TASK DETAILS.
Leaving out the pictures, copy each record below exactly.

[Items from a data source]
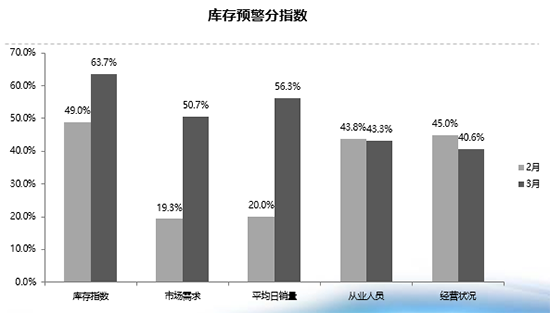 從庫存預警分指數(shù)來看,庫存指數(shù)、市場需求指數(shù)、平均日銷量指數(shù)環(huán)比上升;從業(yè)人員指數(shù)、經(jīng)營狀況指數(shù)環(huán)比下降。郎學紅表示,市場需求和日均銷量有明顯提升,然而由于經(jīng)銷商主動增加庫存和增值稅調(diào)整帶來的消費者觀望,使得經(jīng)營狀況并未出現(xiàn)好轉(zhuǎn)。
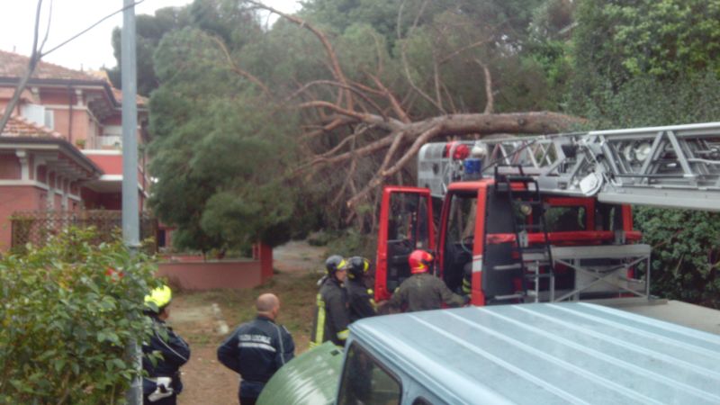Sul posto sono intervenuti i Vigili del Fuoco che hanno chiuso la strada al traffico e hanno iniziato le operazioni per la rimozione dell’enorme tronco che occupa tutta la carreggiata. A quanto pare il crollo sarebbe dovuto alle piccole radici tipiche del pino marittimo in confronto al grande tronco e alla folta chioma, senza considerare poi il terreno molto franoso di tutta l’area.
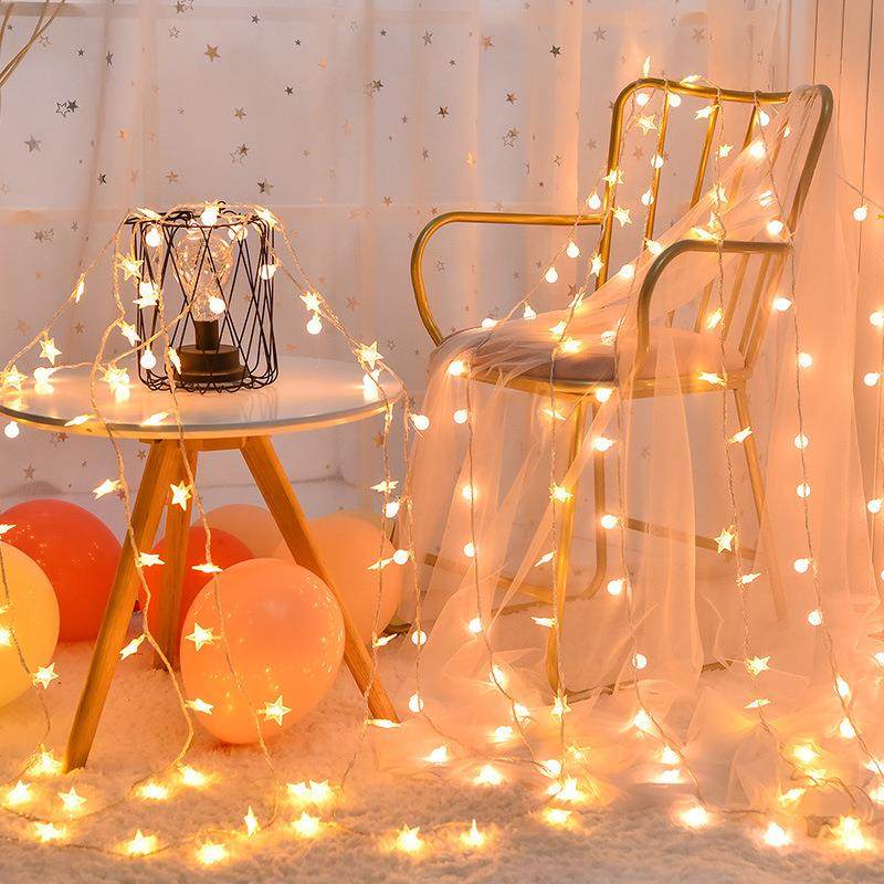圣诞led星星灯串彩灯闪满天星生日场景民宿装饰房间室内布置氛围
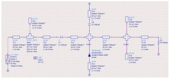 The schematic and the layout of the proposed rectifying circuit are shown in Figure 10 and Figure 11, respectively. The detailed parameters of the rectifying circuit are exhibited in Figure 10, with parameter w1 set to 1.6 mm, which is optimized for final impedance matching. As can be seen, the rectifying circuit consists of a T-shaped matching network, a pre-capacitor C1 (100 pF), a bypass capacitor C2 (100 pF), a rectifying diode HSMS-286F (Avago Technologies, San Jose, CA, USA), an output filter, and an adjustable load. The pre-capacitor C1 can block the reversed DC current, and the bypass capacitor C2 is able to suppress the high-order harmonics. An output filter is also used for suppressing the high-order harmonics. To facilitate debugging, we used a tunable resistance to act as the load Rload. The proposed rectifying circuit was printed on the bottom surface of the antenna ground plane. Each rectifying circuit was connected to a polarized antenna element.
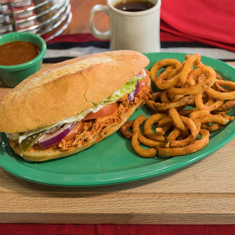 Roll bread with marinated shredded pork meat topped with tomato, onion, lettuce, jalapenos, sour cream, mustard & mayo. Accompanied with curly fries, French fries or onion rings (+$2.00).
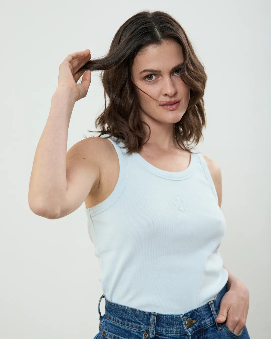 Nuevo tank top de algodón orgánico en color azul, ajustado al cuerpo y con cuello redondo. Con un tejido de canalé súper fresquito y de tacto gustoso, transpirable y perfecto para el verano. Incluye un bordado del icono flor decorativo al tono.
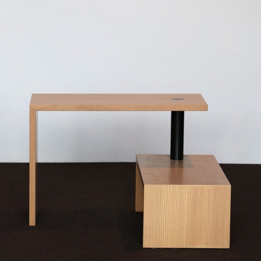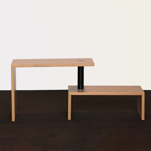 Design Achille CastiglioniAusführung Eiche lackiertVerbindungsstück Stahl schwarzEINZELSTÜCKBreite 60cm, Tiefe 30cm, Höhe 45cm
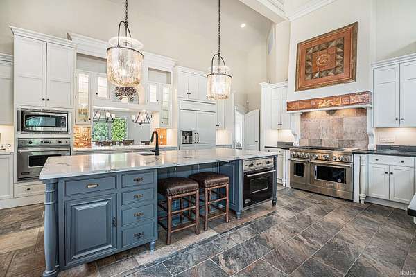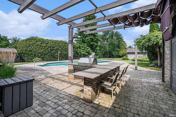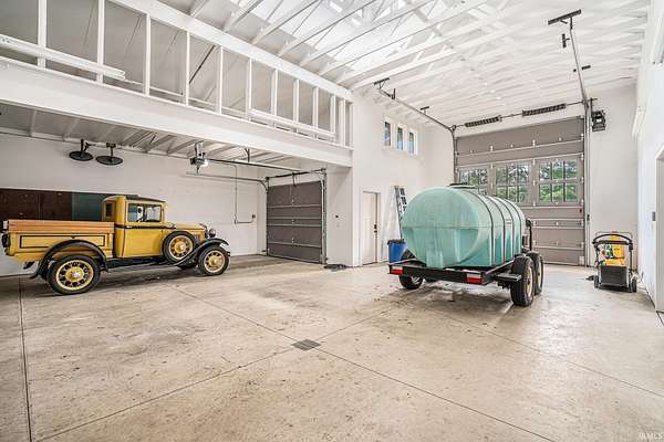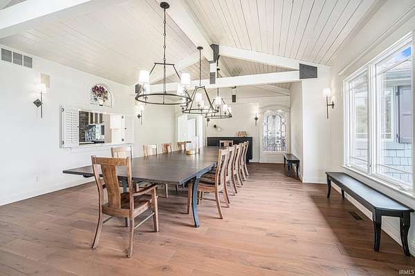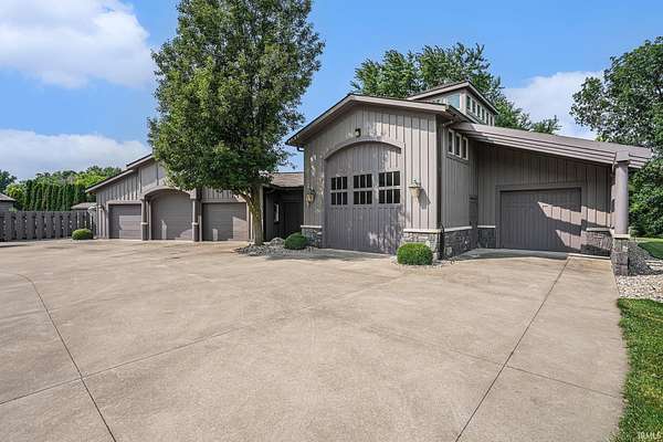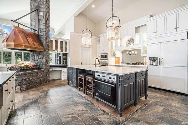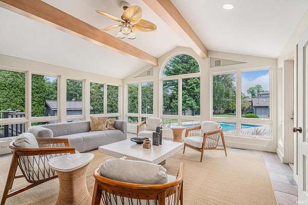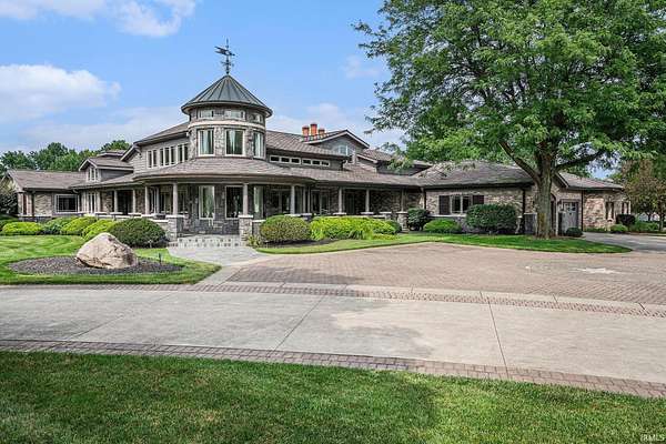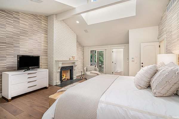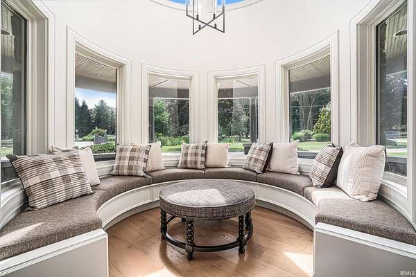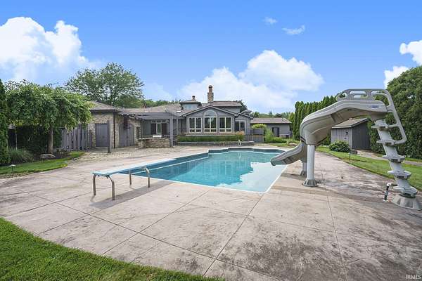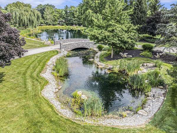 Open House Scheduled for August 23 1-3pm! A stone bridge and layered landscaping set the tone for this private 5.8-acre estate near downtown Middlebury. Inside, the home has been modernized--redesigned and furnished for a part-time retreat, though fully equipped for year-round living. Vaulted ceilings, high windows, and lit beams draw light into the open-concept living area and kitchen, where original tile and hardware meet new hardwood flooring, Ayr cabinetry, and a statement three-sided gas fireplace. The dining room and hearth offer an interlude between the main spaces with a natural extension to the sunroom and patios. Every light, rug, seat, book, throw, and furnishing has been carefully chosen and is included in the sale--making this home ready to be lived in. The primary suite features its own fireplace, skylights, soaking tub, and walk-in shower. On the other side of the home are additional bedrooms and a sitting room. Downstairs, you'll find a tiered theater room and kitchenette, two half baths, and an open versatile space, all fit for hosting large groups. Outside, enjoy the pool and outdoor kitchen, and a hillside firepit overlooking the Little Elkhart River. In total, the home has 5 bedrooms, 4 full and 4 half baths, two laundry areas, and a 5-car garage. A detached garage offers four stalls, one RV stall, and RV hookups. The home has two heating sources: gas forced air and geothermal via pond. From high ceilings to rolling grounds, this property reflects extravagant living and well-kept spaces--the perfect backdrop for your next chapter.

OUTPUT FOR THIS EXERCISE.
 從庫存預警分指數(shù)來看,庫存指數(shù)、市場需求指數(shù)、平均日銷量指數(shù)環(huán)比上升;從業(yè)人員指數(shù)、經(jīng)營狀況指數(shù)環(huán)比下降。郎學紅表示,市場需求和日均銷量有明顯提升,然而由于經(jīng)銷商主動增加庫存和增值稅調(diào)整帶來的消費者觀望,使得經(jīng)營狀況并未出現(xiàn)好轉(zhuǎn)。
Sul posto sono intervenuti i Vigili del Fuoco che hanno chiuso la strada al traffico e hanno iniziato le operazioni per la rimozione dell’enorme tronco che occupa tutta la carreggiata. A quanto pare il crollo sarebbe dovuto alle piccole radici tipiche del pino marittimo in confronto al grande tronco e alla folta chioma, senza considerare poi il terreno molto franoso di tutta l’area.
圣诞led星星灯串彩灯闪满天星生日场景民宿装饰房间室内布置氛围
 The schematic and the layout of the proposed rectifying circuit are shown in Figure 10 and Figure 11, respectively. The detailed parameters of the rectifying circuit are exhibited in Figure 10, with parameter w1 set to 1.6 mm, which is optimized for final impedance matching. As can be seen, the rectifying circuit consists of a T-shaped matching network, a pre-capacitor C1 (100 pF), a bypass capacitor C2 (100 pF), a rectifying diode HSMS-286F (Avago Technologies, San Jose, CA, USA), an output filter, and an adjustable load. The pre-capacitor C1 can block the reversed DC current, and the bypass capacitor C2 is able to suppress the high-order harmonics. An output filter is also used for suppressing the high-order harmonics. To facilitate debugging, we used a tunable resistance to act as the load Rload. The proposed rectifying circuit was printed on the bottom surface of the antenna ground plane. Each rectifying circuit was connected to a polarized antenna element.
 Roll bread with marinated shredded pork meat topped with tomato, onion, lettuce, jalapenos, sour cream, mustard & mayo. Accompanied with curly fries, French fries or onion rings (+$2.00).
 Nuevo tank top de algodón orgánico en color azul, ajustado al cuerpo y con cuello redondo. Con un tejido de canalé súper fresquito y de tacto gustoso, transpirable y perfecto para el verano. Incluye un bordado del icono flor decorativo al tono.
 Design Achille CastiglioniAusführung Eiche lackiertVerbindungsstück Stahl schwarzEINZELSTÜCKBreite 60cm, Tiefe 30cm, Höhe 45cm
 Open House Scheduled for August 23 1-3pm! A stone bridge and layered landscaping set the tone for this private 5.8-acre estate near downtown Middlebury. Inside, the home has been modernized--redesigned and furnished for a part-time retreat, though fully equipped for year-round living. Vaulted ceilings, high windows, and lit beams draw light into the open-concept living area and kitchen, where original tile and hardware meet new hardwood flooring, Ayr cabinetry, and a statement three-sided gas fireplace. The dining room and hearth offer an interlude between the main spaces with a natural extension to the sunroom and patios. Every light, rug, seat, book, throw, and furnishing has been carefully chosen and is included in the sale--making this home ready to be lived in. The primary suite features its own fireplace, skylights, soaking tub, and walk-in shower. On the other side of the home are additional bedrooms and a sitting room. Downstairs, you'll find a tiered theater room and kitchenette, two half baths, and an open versatile space, all fit for hosting large groups. Outside, enjoy the pool and outdoor kitchen, and a hillside firepit overlooking the Little Elkhart River. In total, the home has 5 bedrooms, 4 full and 4 half baths, two laundry areas, and a 5-car garage. A detached garage offers four stalls, one RV stall, and RV hookups. The home has two heating sources: gas forced air and geothermal via pond. From high ceilings to rolling grounds, this property reflects extravagant living and well-kept spaces--the perfect backdrop for your next chapter.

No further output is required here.